Thought I.d try some PFS this morning. I was hot twice in the same spot by the 8mm ball. ie on my index finger nail on what seemed to be the other side of the forks( not the side you see when you line up) I was holding the forks using the normal brace grip, index finger hooked around the upper fork. 
2 questionsid the ammo not leave the pouch?
Why would it do this?
Can you tweak too much?
I definitely twisted - was very methodical. 
Any ideas?
Cheers ...photo attached


----------



## Palmettoflyer (Nov 15, 2019)

Not sure I follow your comments correctly. If the bands are fouled in anyway, the ball can get stuck in the pouch and return to you on the shot rebound. Not sure how you hit your fingernail?

Hitting yourself on the rebound from the ball stuck in the pouch is called a "Return to Sender". These can be very dangerous and ALWAYS inspect your bands are straight just before pulling back and taking a shot.

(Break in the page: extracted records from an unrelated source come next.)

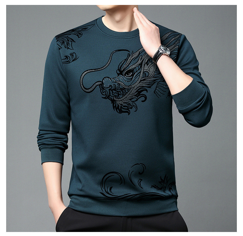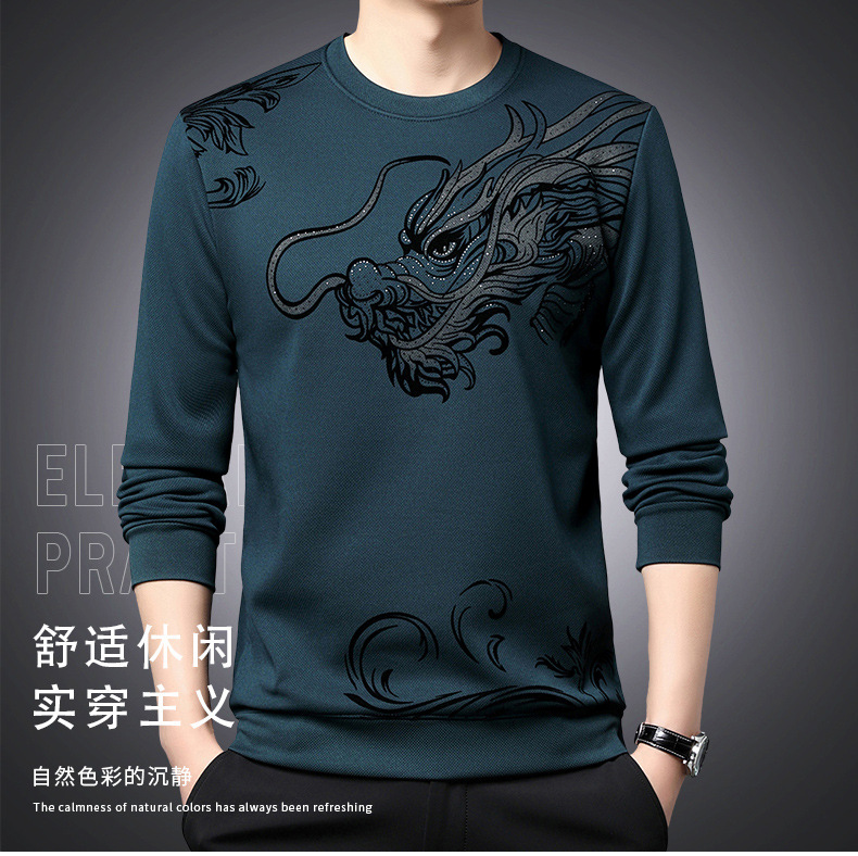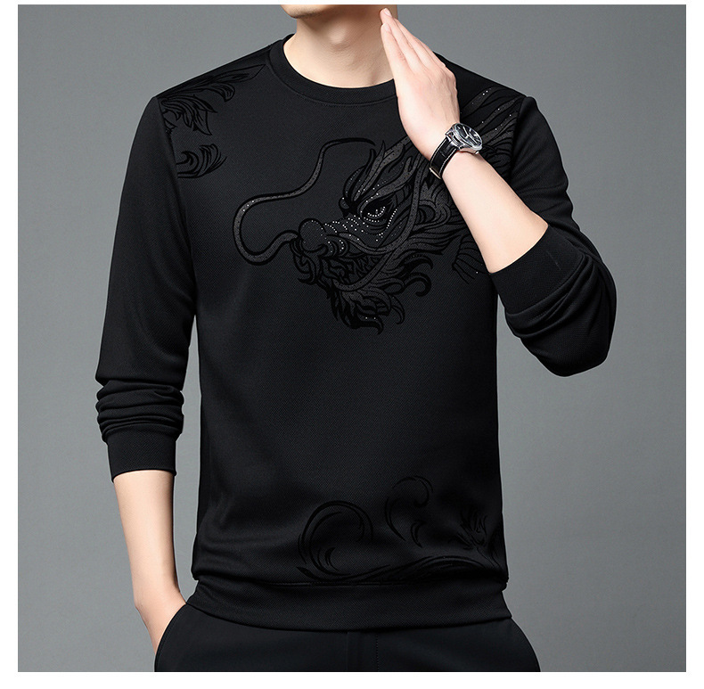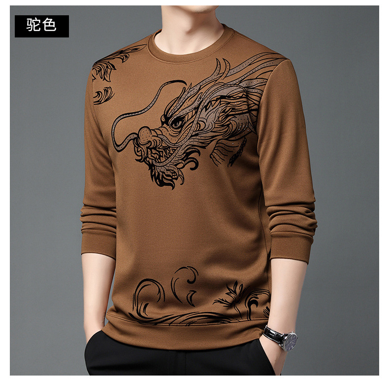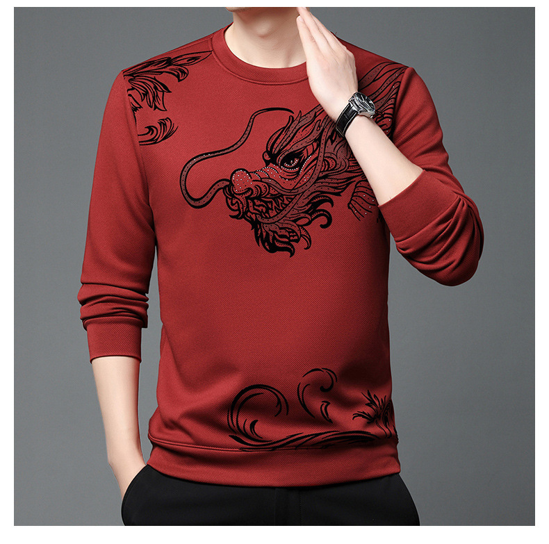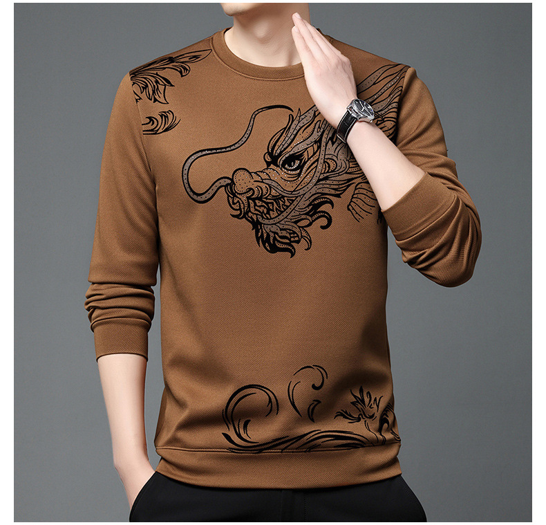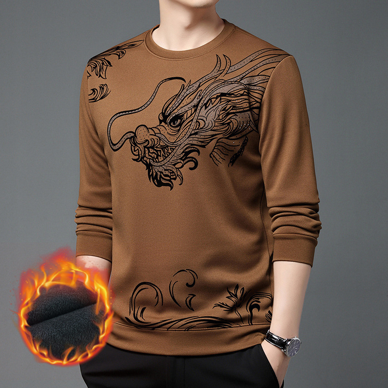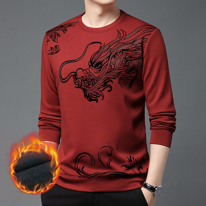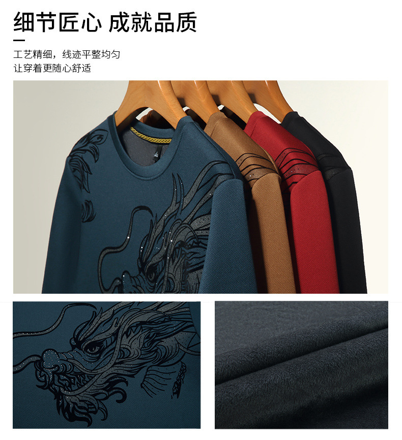 2023冬季新款龙年圆领卫衣男士新款潮流时尚绒厚龙头打底衫男
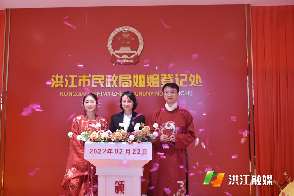 2022年2月22日,在这个充满“爱”的日子里,一对新人吴先生、易女士在民政局主要负责人的主持下,在工作人员及亲朋好友的共同见证下,向着庄严的国旗国徽宣读结婚誓言,正式步入婚姻的幸福殿堂。
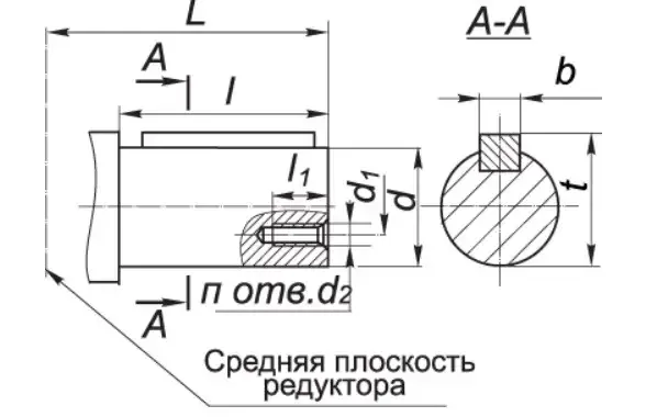 Приєднувальні розміри конічних валів редукторів Ц2.
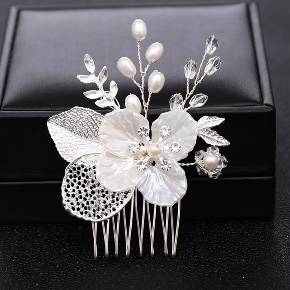 A bridal wedding headpiece, gold leaf hollow mesh pearl flower small hair comb, hair accessory, dress accessory
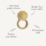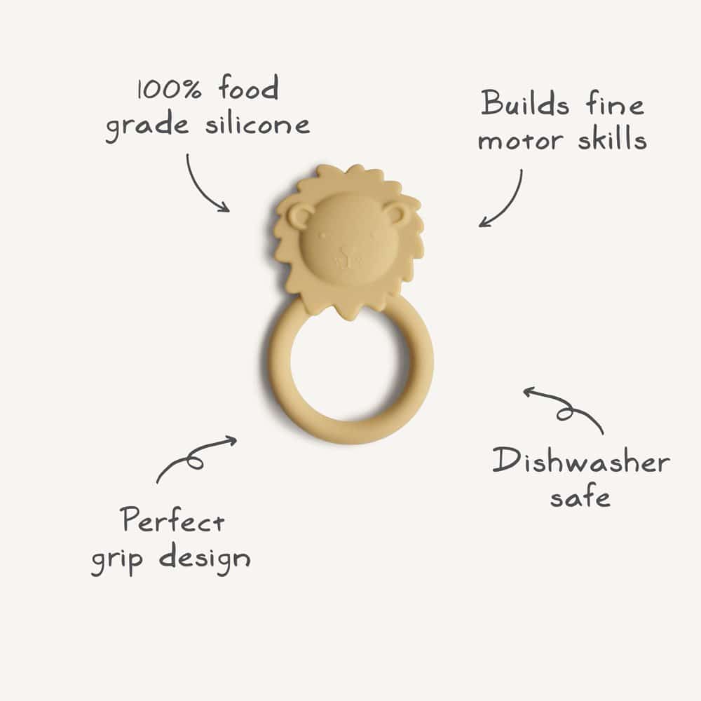 Roztomilé hryzadlo v tvare levíka je vyrobené z potravinárskeho silikónu a je vysoko odolné a ľahko sa čistí. Hravý dizajn podnecuje predstavivosť a kompaktná veľkosť uľahčuje držanie pre malé ručičky
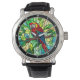 Relógio Tropical Kaleidoscope" - Stained Glass Parrot
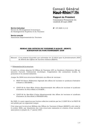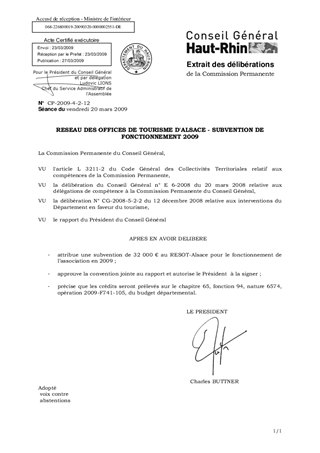 RESEAU DES OFFICES DE TOURISME D'ALSACE - SUBVENTION DE FONCTIONNEMENT 2009
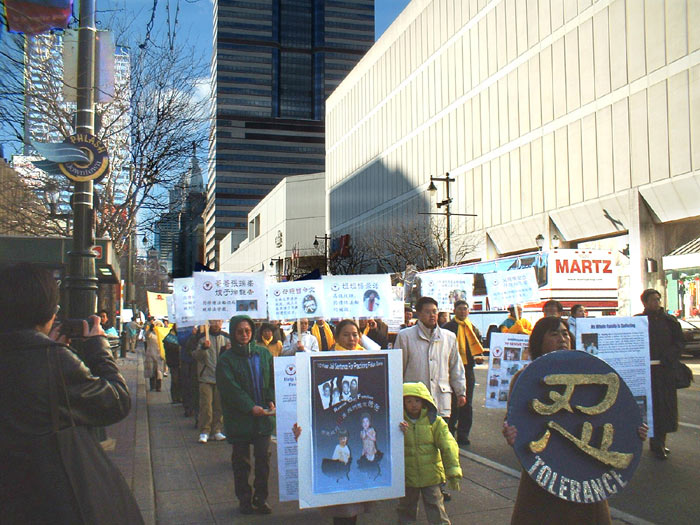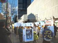 并呼吁帮助救援大陆学员。会后学员们举着巨型横幅在市中心举行了大游行。一些横幅上写着:“营救我们在中国的亲人”、“法轮大法好”,游行队伍前面的“真善忍”大字非常醒目。
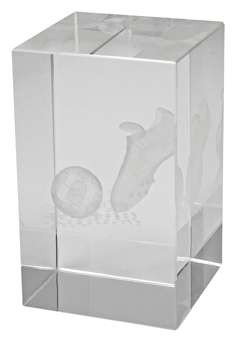 This crystal block trophy offers a refined approach to recognising football achievement. Crafted from clear crystal, its rectangular form is accented by a precisely etched football and boot design, merging elegance with sporting spirit. A distinguished addition to any football trophies collection.
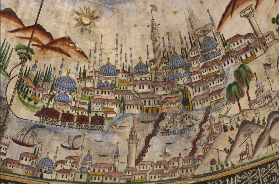 Payitahtın Silüeti: Galata ve Bayezid kuleleri arasındaki o eşsiz hat; Haliç, Galata köprüleri ve Sultanahmet’ten Ayasofya’ya uzanan camiler zinciri titizlikle işlenmiş. Hatta bir minareye asılan mahya, Ramazan ayının o kadim coşkusuyla eseri canlandırıyor.
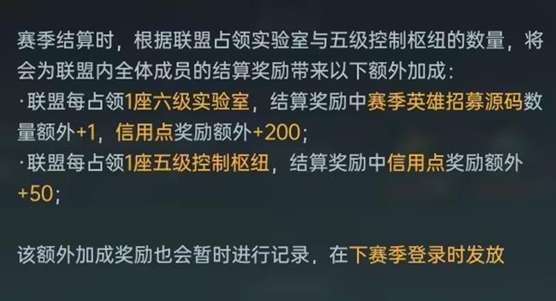 联盟每额外占领一座实验室,赛季结算卡包招募次数+1;联盟每额外占领一座实验室,信用点奖励+200;
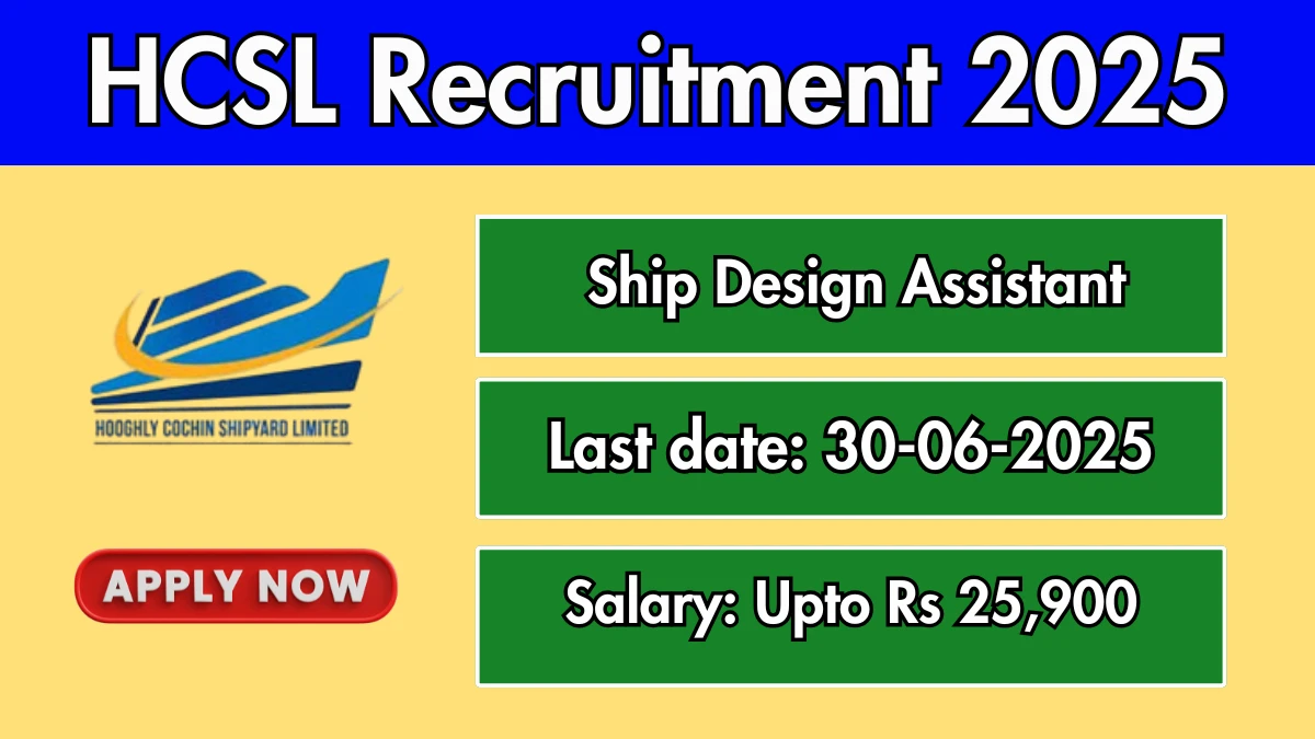 HCSL Recruitment 2025 The Hooghly Cochin Shipyard (HCSL) Recruitment 2025 for 03 posts of Ship Design Assistant. Candidates with Diploma…
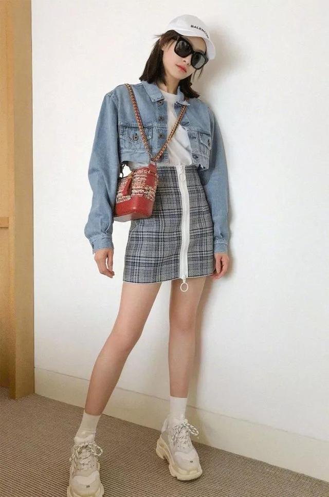 超短款的牛仔夹克超级时髦,搭配黑色格子半身裙是又酷又魅,裙子中间的白边拉链和白色内搭还有白色老爹鞋和谐地融为一体,红色斜挎包是整个造型的点睛之笔,独特的背法时尚度马上upupup,整个人看起来青春又帅气。
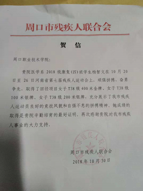 在刚刚结束的河南省第七届残疾人运动会上,医学院2018级大专康复4班学生杨智文代表周口市及金年会参赛,取得了女子组T38级100米银牌,200米银牌,400米金牌的佳绩,为我市及金年会争得了荣誉。受到市残联的通报佳奖。
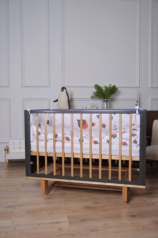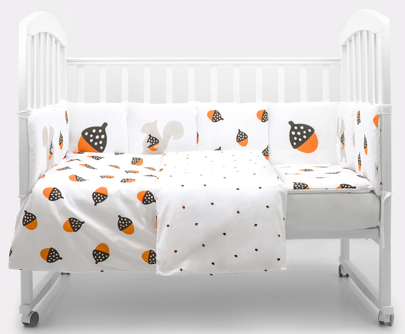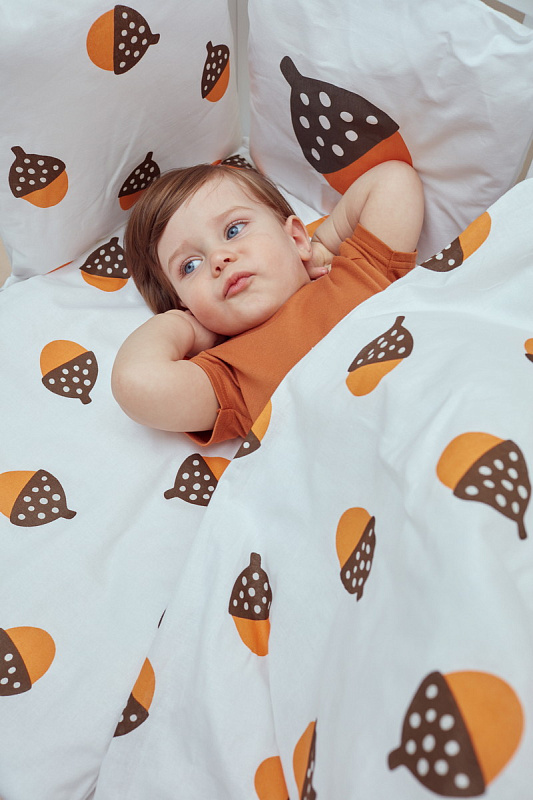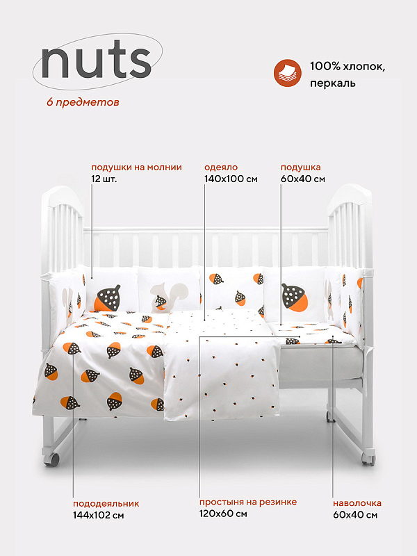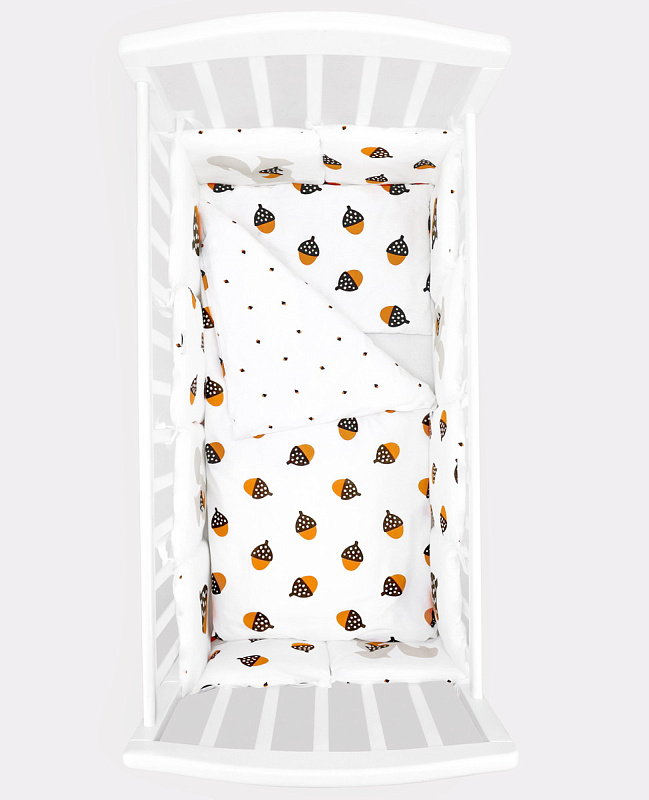 Засыпать с комфортом малышу поможет детское постельное белье RANT NUTS (6 ПРЕДМЕТОВ). Дизайнерский принт в виде разноформатных орешков украшает пододеяльник (включая тыльную сторону), наволочку и бортики.
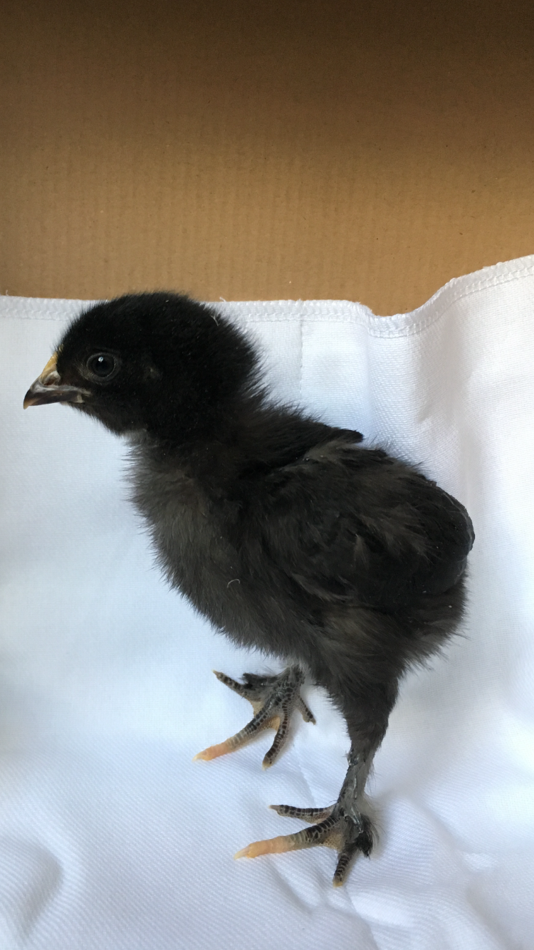 This is my FBCM chick. I only have one and I'm hoping for a pullet. She is 4 1/2 weeks old. She was a mostly black chick with a small bit of white under her belly. She is starting to get a few copper feathers around her neck. I'll post an older pic first then the picture from this morning. She supposedly come from Little Pedler line. I got her as a pet so really didn't even know what that meant. I think I now see one white feather.

Also, from your previous comments, I think you are a step or two ahead of your skill level. Go slow and take your time.


----------



## fungustoon (Oct 1, 2021)

Stuck in the pouch , my thoughts.
Definitely running before I can walk. I.m just trying a different daily routine ie trying all types of stuff. Fair point.


----------



## treefork (Feb 1, 2010)

One tip is to use what I call non-lethal ammo until skill and confidence is established . By that I'm talking about 68 caliber rubber paintballs . They are about the same size as a 5/8 inch glass marble that the Pickle Fork Guru Dgui uses and prefers . Mistakes with this rubber ammo will not damage your slingshot or surrounding objects . It won't have the injury potential of glass or steel . Now you can relax and figure this thing out . In the meantime besides twisting and tweaking remember a proper grip of the shooter is mandatory to prevent fork and hand hits . The forks need s to be parallel and not allowed to cant unevenly . The wrist as straight as possible . The pouch needs to be released evenly keeping the bands equal in length . Start with light weight gear and move heavier once you got it . Confidence will develop .


----------



## fungustoon (Oct 1, 2021)

Yeah I.ll buy some of those Treefork. Thanks for the suggestion.I.ll do that before I practise next.


----------



## Hoss (Jun 3, 2014)

I have one very important suggestion for you, if you're not wearing safety glasses you need to!


----------



## fungustoon (Oct 1, 2021)

Wearing glasses and an archery glove ... I.m not that daft.


----------